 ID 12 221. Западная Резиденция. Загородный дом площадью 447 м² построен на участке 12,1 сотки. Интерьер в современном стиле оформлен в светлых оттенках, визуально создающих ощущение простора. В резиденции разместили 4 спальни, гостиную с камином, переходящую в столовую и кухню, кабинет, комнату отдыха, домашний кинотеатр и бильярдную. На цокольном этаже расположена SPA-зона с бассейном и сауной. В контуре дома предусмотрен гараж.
* * *
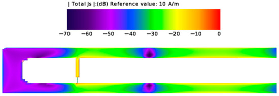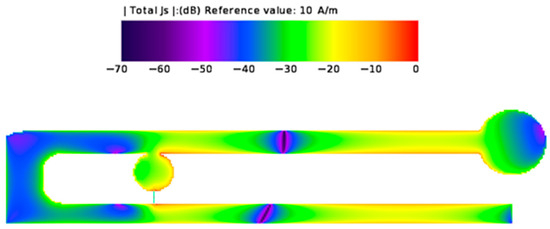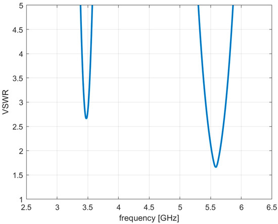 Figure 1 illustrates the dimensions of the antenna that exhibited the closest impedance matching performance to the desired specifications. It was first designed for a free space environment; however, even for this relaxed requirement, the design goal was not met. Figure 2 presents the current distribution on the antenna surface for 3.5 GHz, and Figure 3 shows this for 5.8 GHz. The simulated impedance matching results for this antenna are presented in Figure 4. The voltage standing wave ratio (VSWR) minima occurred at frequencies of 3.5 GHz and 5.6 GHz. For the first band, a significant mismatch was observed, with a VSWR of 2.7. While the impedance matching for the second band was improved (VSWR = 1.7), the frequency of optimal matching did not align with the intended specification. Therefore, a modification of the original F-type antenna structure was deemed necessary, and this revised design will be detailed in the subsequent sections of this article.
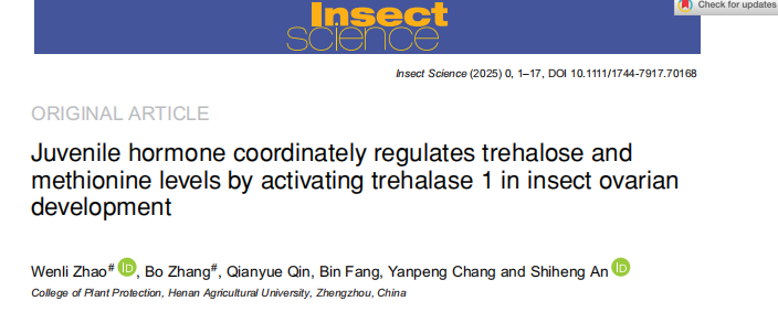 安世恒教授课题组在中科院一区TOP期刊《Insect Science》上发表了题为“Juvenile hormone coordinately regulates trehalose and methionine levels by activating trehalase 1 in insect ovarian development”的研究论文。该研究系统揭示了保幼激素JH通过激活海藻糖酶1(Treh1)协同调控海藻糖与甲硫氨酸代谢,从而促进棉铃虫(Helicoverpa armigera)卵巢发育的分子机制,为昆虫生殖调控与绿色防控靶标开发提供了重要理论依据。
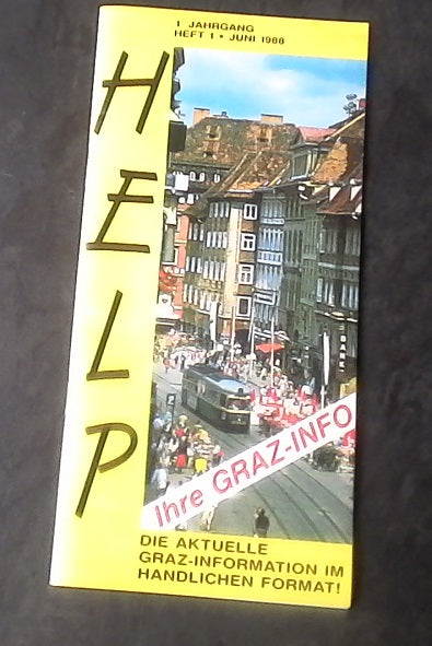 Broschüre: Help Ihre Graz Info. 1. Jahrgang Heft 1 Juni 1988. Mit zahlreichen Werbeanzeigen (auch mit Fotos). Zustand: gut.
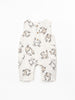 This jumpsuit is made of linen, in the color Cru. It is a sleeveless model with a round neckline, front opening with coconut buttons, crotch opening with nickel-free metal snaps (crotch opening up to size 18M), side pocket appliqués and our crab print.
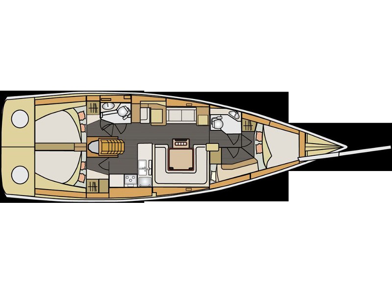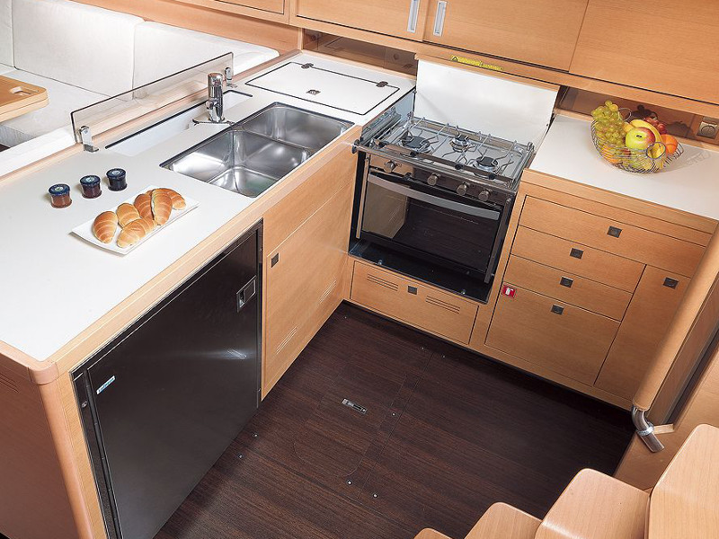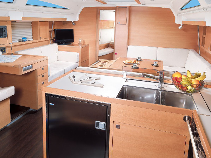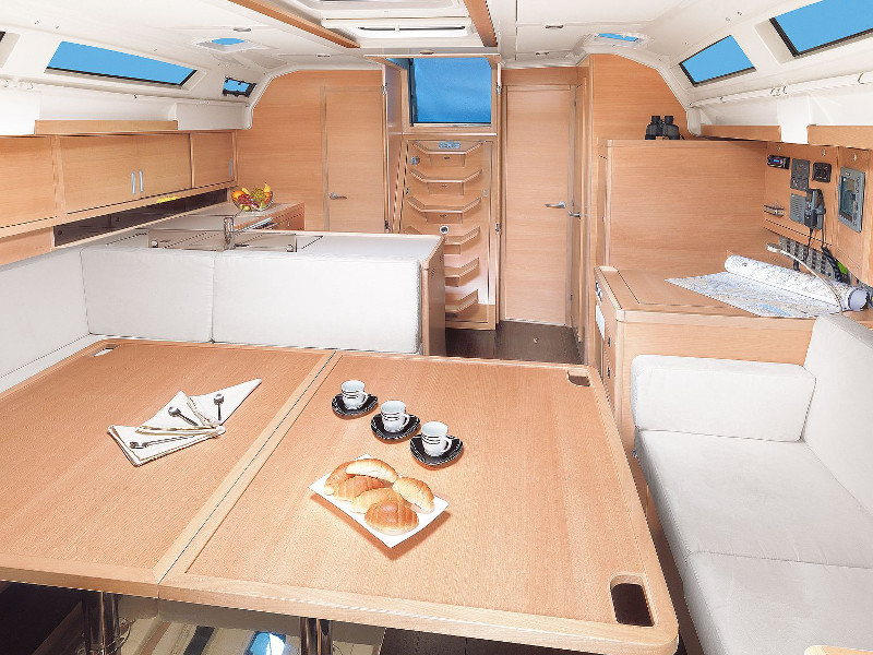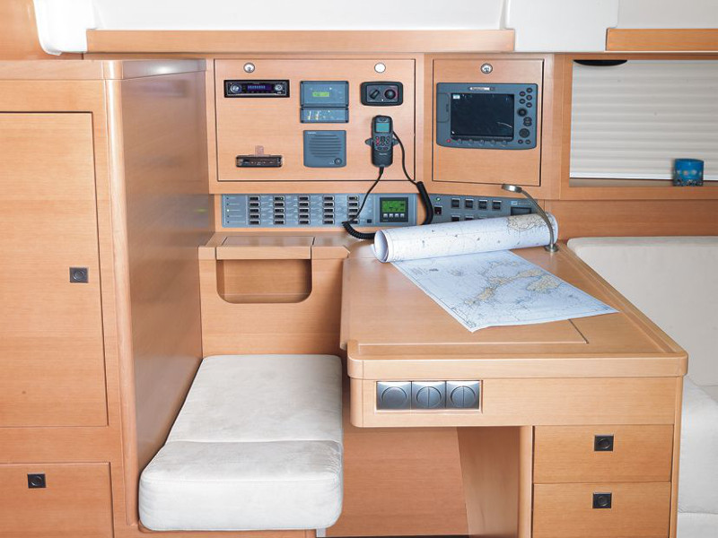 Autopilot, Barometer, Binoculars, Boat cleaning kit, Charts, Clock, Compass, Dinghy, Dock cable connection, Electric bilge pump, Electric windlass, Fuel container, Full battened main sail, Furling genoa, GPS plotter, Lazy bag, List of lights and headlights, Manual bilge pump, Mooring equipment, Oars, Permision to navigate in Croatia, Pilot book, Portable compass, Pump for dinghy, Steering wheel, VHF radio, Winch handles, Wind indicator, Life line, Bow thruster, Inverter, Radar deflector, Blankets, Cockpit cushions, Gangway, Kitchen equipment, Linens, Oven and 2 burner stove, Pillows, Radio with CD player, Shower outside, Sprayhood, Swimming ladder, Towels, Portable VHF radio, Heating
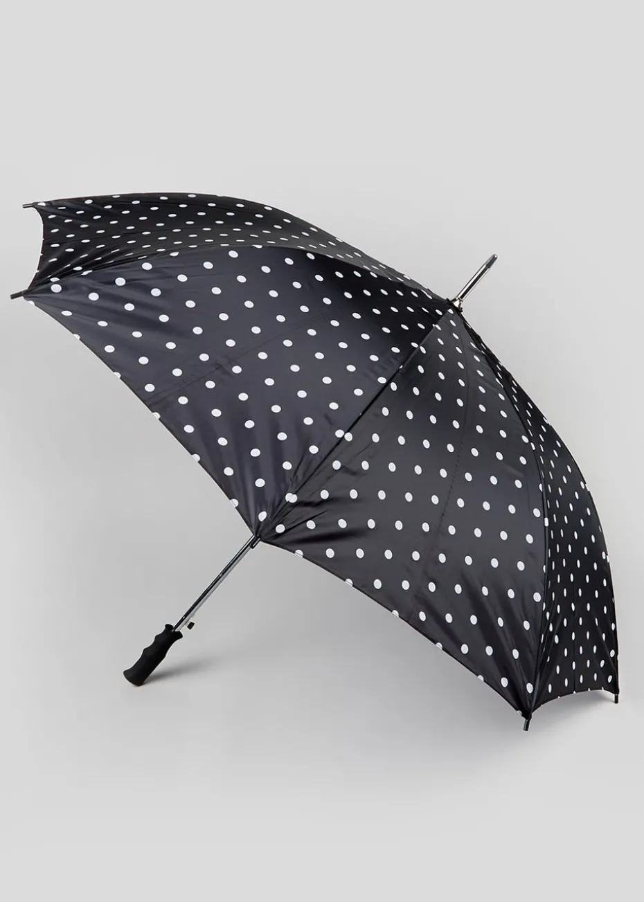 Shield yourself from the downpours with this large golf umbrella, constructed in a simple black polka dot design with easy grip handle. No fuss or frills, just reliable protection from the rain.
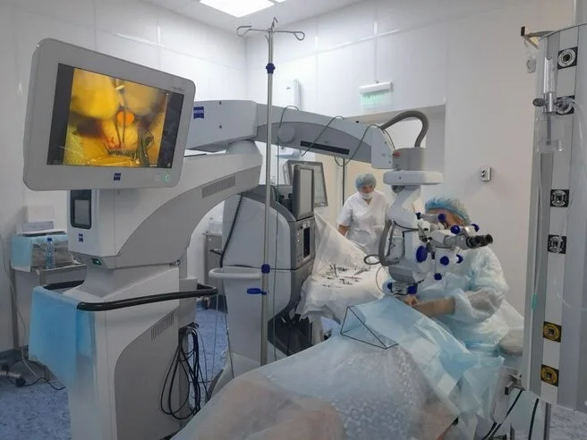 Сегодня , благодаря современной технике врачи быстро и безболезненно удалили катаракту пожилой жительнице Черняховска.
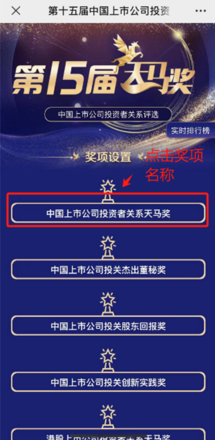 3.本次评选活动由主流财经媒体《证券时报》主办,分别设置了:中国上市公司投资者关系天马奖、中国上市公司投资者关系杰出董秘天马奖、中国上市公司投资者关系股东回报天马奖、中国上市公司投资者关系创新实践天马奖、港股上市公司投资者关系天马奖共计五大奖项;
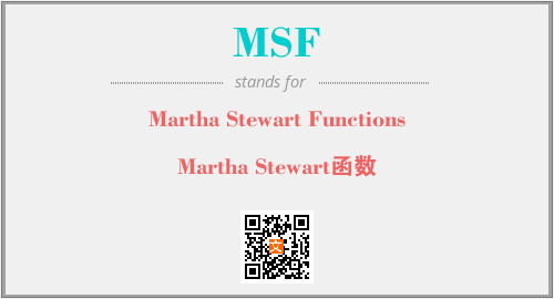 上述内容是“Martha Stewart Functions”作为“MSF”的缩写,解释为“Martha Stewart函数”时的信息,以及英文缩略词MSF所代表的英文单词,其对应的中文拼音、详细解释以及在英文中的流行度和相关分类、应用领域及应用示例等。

## EXERCISE
From the line with "hormone coordinately regulates" up to and including the line with "Broschüre: Help Ihre" above, retype every line exactly and nothing more; leave out the pictures.

## RESPONSE AREA
 安世恒教授课题组在中科院一区TOP期刊《Insect Science》上发表了题为“Juvenile hormone coordinately regulates trehalose and methionine levels by activating trehalase 1 in insect ovarian development”的研究论文。该研究系统揭示了保幼激素JH通过激活海藻糖酶1(Treh1)协同调控海藻糖与甲硫氨酸代谢,从而促进棉铃虫(Helicoverpa armigera)卵巢发育的分子机制,为昆虫生殖调控与绿色防控靶标开发提供了重要理论依据。
 Broschüre: Help Ihre Graz Info. 1. Jahrgang Heft 1 Juni 1988. Mit zahlreichen Werbeanzeigen (auch mit Fotos). Zustand: gut.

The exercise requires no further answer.